Volunteer - Groups need people to help care for the animals but there are also so many other ways to volunteer. Do you have a special talent? Rescues need photographers to take pet photos, marketing and PR people to get the word out, social media folks to keep the conversation going, party planners for events and people who can score awesome donations for events. Can you do any of that? Someone could use you.
Foster - Rescues need fosters to take in the animals they save. The more fosters they have, the more animals they can rescue. Fosters are needed for pets of all ages. They also need fosters for short periods of time and longer periods of time. You won't know until you ask.
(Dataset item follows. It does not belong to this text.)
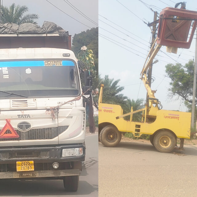 नगर की सड़कों पर बेलगाम दौड़ रहे ओवर लोड फ्लाईएश वाहनों के कारण आये दिन दुघर्टना हो रहे हंै। स्थानीय प्रशासन बेलगाम ओवर लोड फ्लाईएश वाहनों पर किसी भी प्रकार की कोई कार्यवाही नहीं कर रहे हैं। जिसका नतीजा है कि आये दिन ओवरलोड फ्लाईएश ट्रकें दुघर्टना को अंजाम दे रहे हैं। ऐसा ही एक घटना आज नगर में देखने को मिला। फ्लाईएश खाली कर रायगढ़ की ओर जा रहे ट्रक क्रमांक सीजी 22 जेड 0783 ने नगर पंचायत का लिफ्टर मशीन से नगर की लाइट सुधार रहे गाड़ी को ठोकर मार दिया, ठोकर इतना जोरदार था की लाईट सुधार रहे नगर पंचायत का कर्मचारी लिफ्टर मशीन से गिर गया, ऊंचाई से गिरने से नगर पंचायत कर्मचारी की जान तो बाल-बाल बच गया, लेकिन अस्पताल में इलाज चल रहा है। बताया जा रहा है कि वाहन की ठोकर से कर्मचारी प्रधान को अंदुरूणी चोंट आई है।

Donate - Most shelters and rescues are non-profits and need donations of many types - money, food and supplies are top of the list. Many groups also have connections with various online shopping venues. You can donate just by shopping various sites.
Be the solution - If you know someone or meet someone that is considering relinquishing a pet, find out if there's a solution to keep families together. Pet food pantries offer food and supplies for lower income families, temporary foster homes are available when people are displaced, and low cost vaccinations and other services are available as well.
Say something - If you see a stray dog or cat in your community, take action. If you see abuse or find an injured animal, speak up. You are their voice.
Support TNR - One solution to the stray and feral cat problem is to support TNR - Trap Neuter Return - programs in your community. Cats are trapped, sterilized, and returned to the colony where caretakers keep tabs on the community. It saves lives and keeps many cats out of animal controls.
In the meantime, the outrage will continue over Sochi. While we're powerless to be the change there, we can make a huge difference here. The decision to watch the Olympics is still yours to make - team USA is competing everyday. And, when the dogs of Sochi disappear from you radar, remember the killing of dogs in America and do something to change it.